Alleszins geven wij van die 885 miljoen euro al onmiddellijk een bedrag van 96 miljoen euro bovenop de reguliere investeringen aan De Lijn om de elektrificatie door te zetten, om dat emissievrij rijden door te zetten en zowel in te zetten op hybride bussen als elektrische bussen. Daarnaast wil ik nog zeggen dat we ook zestig tramtoestellen besteld hebben bij De Lijn. Daar gaan ook nog heel wat extra middelen naartoe. Op die manier wordt er overal gezorgd voor een optimaal aanbod in de toekomst.

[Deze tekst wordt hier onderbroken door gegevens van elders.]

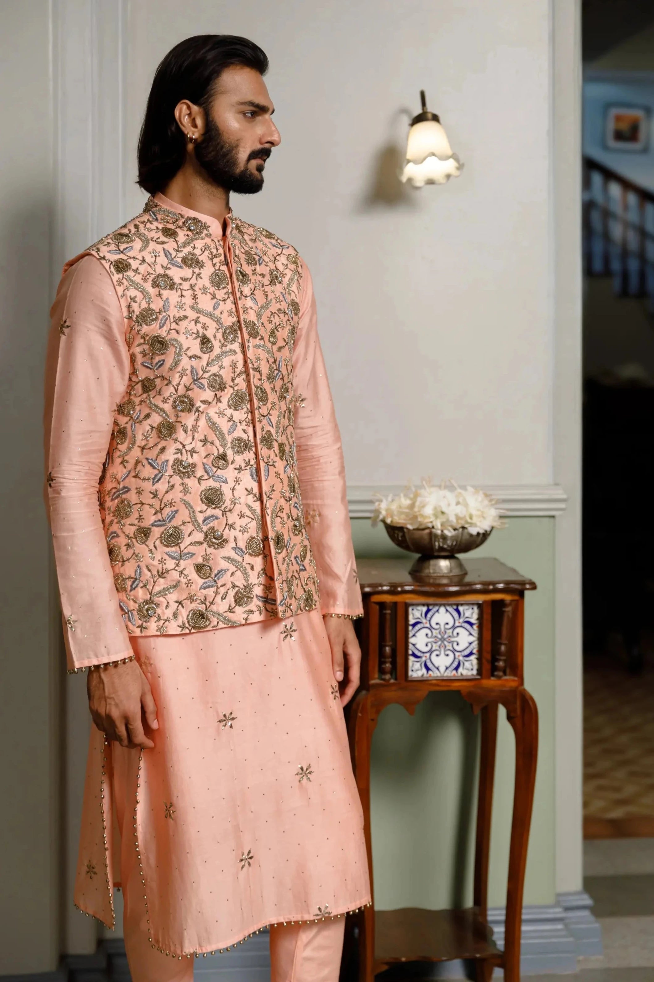 The Peach Embroidered Bandi paired with a classic kurta and comfortable cotton silk churidar creates an effortlessly stylish ensemble. The intricate embroidery on the bandi adds a touch of luxury, while the soft cotton silk churidar ensures a perfect fit and comfort. Ideal for weddings, festivals, or formal occasions, this set combines traditional elegance with modern sophistication.

Is dat voldoende? Neen, het mag altijd meer zijn. Als ik veel meer middelen had, dan zou ik die natuurlijk ook heel graag besteden aan de vergroening van De Lijn. Maar koken kost nu eenmaal geld. Kiezen is altijd een beetje verliezen. We hebben keuzes moeten maken inzake het besteden van onze middelen in het GIP 2021 (geïntegreerd investeringsprogramma). We geven al een belangrijk bedrag aan De Lijn. Ik hoop dat we snel duidelijkheid krijgen over de alternatieve financiering, over hoe het nu verder moet. Maar alleszins is er het engagement van de Vlaamse Regering die zegt dat we moeten inzetten op die vergroening. Wel, dan zal er straks ook een engagement moeten komen voor de financiering. Of dat zal gebeuren via een deconsolidatie, via een pps (publiek-private samenwerking), via een leasing of een andere alternatieve financieringsvorm, of misschien zelfs via een reguliere lening, dat zullen we weldra weten. Maar alleszins hoop ik dat we daar snel duidelijkheid over krijgen en dat de raad van bestuur van De Lijn nu zo snel mogelijk de bestekken in de markt plaatst, zodat formeel het startschot formeel gegeven kan worden om door te gaan met die elektrificatie.
Mevrouw Robeyns heeft het woord.
Dank u voor uw antwoord, minister. U houdt vast aan de doelstelling. Dat is positief. Ik zal maar niet het woord ‘halsstarrig’ gebruiken, dat deed ik zonet al. Maar als De Lijn zelf zegt dat de doelstelling die geformuleerd werd in het regeerakkoord niet realistisch is, dan kunt u daar wel aan vasthouden, maar dan kunnen we, als het zover is, natuurlijk alleen maar vaststellen dat het niet gelukt zal zijn.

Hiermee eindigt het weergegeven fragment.